Тайная девушка (ЛП) - Станич К.М.. Страница 15

— Так вот почему ты был таким придурком, да? — спрашивает он, дыша мне в ухо. — Все эти шныряния вокруг и сдержанное поведение? — я закрываю глаза, но всё ещё чувствую его запах, струйку пота, стекающую между моих грудей. Мне нужно вернуться и снять эти чёртовы путы. С другой стороны, если бы я не так спешила приехать сюда после школы, я бы сделала это раньше, и тогда, возможно, Спенсер бы уже что-нибудь заметил. Мне повезло.
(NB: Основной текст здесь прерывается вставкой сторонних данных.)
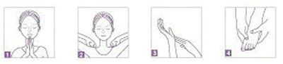 沐浴後取5元硬幣大小的舒眠霜於指腹間,以緩慢而深長的呼吸(圖1),讓嗅覺吸收感覺平靜和諧的香氛,再呼出累積於身心的雜念與壓力。接著以畫圓的方式,將舒眠霜按摩於頭後方與頸部連接凹處的「風府穴」,再移至肩膀中段下一點的「曲垣穴」(圖2)。接著,移至手掌與手腕交界褶縫處,靠近小指的神門穴,持續畫圓按摩(圖3),最後再以畫小圈的方式按摩腳底,直到舒眠霜完整被吸收 (圖4),當按摩結束時睡意也將同步啟動。

— Оставь. Меня. В. Покое. — Мой голос превращается в рычание, и Спенсер ухмыляется, отпуская меня так внезапно, что я спотыкаюсь и оказываюсь на коленях в листве.

— Если ты был влюблён в меня, всё, что тебе нужно было сделать, это что-нибудь сказать, — добавляет он со смехом, засовывая пальцы правой руки в карман своего синего блейзера академии. — Серьёзно, Чак. У тебя не появилось друзей в этой школе, и это твоя собственная вина. Никого не волнует, гей ты или нет: нас волнует только то, что ты мудак. — Он поворачивается обратно в сторону костра и исчезает, оставляя меня с потными ладонями и колотящимся сердцем, которое я не могу объяснить.

Я вдруг начинаю скучать по Коди, по всему, что у меня есть.

— Тупица, — ворчу я, но, честно говоря, вся эта история с геями правдоподобна. Я могу просто смириться с этим. С другой стороны, одна из главных причин, по которой я хочу оставаться незамеченной, заключается в том, что я не хочу, чтобы ко мне приставали. Если я объявлю себя геем, у меня может появиться несколько поклонников. Например, представьте, что Росс начнёт ко мне приставать? Мерзость.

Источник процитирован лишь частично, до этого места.